Listed records:
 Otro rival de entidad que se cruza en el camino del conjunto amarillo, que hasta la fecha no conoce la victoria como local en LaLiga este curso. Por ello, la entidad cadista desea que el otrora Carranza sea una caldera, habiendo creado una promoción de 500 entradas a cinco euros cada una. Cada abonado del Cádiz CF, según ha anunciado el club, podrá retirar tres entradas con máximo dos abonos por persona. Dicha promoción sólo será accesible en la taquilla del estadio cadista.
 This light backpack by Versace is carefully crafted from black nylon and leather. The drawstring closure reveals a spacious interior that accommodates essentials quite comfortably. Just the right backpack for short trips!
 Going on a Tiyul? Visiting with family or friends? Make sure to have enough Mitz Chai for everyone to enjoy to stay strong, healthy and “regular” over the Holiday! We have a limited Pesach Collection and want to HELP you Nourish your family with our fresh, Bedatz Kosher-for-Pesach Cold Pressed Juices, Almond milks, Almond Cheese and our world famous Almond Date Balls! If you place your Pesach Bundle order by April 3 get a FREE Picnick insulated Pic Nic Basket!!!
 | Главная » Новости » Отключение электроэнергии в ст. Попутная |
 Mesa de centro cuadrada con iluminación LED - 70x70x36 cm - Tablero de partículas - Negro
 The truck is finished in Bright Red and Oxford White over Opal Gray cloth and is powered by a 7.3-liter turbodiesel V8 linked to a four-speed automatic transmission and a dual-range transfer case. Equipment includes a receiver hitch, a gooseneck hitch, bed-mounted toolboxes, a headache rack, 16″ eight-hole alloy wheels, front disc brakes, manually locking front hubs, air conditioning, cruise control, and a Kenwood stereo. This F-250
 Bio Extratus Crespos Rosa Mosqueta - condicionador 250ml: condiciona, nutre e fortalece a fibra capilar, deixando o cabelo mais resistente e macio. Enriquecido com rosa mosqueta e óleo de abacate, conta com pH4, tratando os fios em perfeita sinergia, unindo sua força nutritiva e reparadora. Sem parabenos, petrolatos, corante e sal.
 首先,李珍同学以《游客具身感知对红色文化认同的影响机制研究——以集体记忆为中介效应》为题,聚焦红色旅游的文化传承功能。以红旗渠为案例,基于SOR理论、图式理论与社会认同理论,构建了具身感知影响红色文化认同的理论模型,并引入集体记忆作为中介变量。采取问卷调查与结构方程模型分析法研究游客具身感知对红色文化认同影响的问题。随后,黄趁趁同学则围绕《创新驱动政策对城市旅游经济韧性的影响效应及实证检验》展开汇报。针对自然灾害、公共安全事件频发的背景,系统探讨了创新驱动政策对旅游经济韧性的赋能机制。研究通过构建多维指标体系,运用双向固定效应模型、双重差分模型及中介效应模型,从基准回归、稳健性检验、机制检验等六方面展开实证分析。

Directions:
Only an exact reproduction of the lines from the one with "The truck is" to the end of the listing is expected.

Answer box:
 The truck is finished in Bright Red and Oxford White over Opal Gray cloth and is powered by a 7.3-liter turbodiesel V8 linked to a four-speed automatic transmission and a dual-range transfer case. Equipment includes a receiver hitch, a gooseneck hitch, bed-mounted toolboxes, a headache rack, 16″ eight-hole alloy wheels, front disc brakes, manually locking front hubs, air conditioning, cruise control, and a Kenwood stereo. This F-250
 Bio Extratus Crespos Rosa Mosqueta - condicionador 250ml: condiciona, nutre e fortalece a fibra capilar, deixando o cabelo mais resistente e macio. Enriquecido com rosa mosqueta e óleo de abacate, conta com pH4, tratando os fios em perfeita sinergia, unindo sua força nutritiva e reparadora. Sem parabenos, petrolatos, corante e sal.
 首先,李珍同学以《游客具身感知对红色文化认同的影响机制研究——以集体记忆为中介效应》为题,聚焦红色旅游的文化传承功能。以红旗渠为案例,基于SOR理论、图式理论与社会认同理论,构建了具身感知影响红色文化认同的理论模型,并引入集体记忆作为中介变量。采取问卷调查与结构方程模型分析法研究游客具身感知对红色文化认同影响的问题。随后,黄趁趁同学则围绕《创新驱动政策对城市旅游经济韧性的影响效应及实证检验》展开汇报。针对自然灾害、公共安全事件频发的背景,系统探讨了创新驱动政策对旅游经济韧性的赋能机制。研究通过构建多维指标体系,运用双向固定效应模型、双重差分模型及中介效应模型,从基准回归、稳健性检验、机制检验等六方面展开实证分析。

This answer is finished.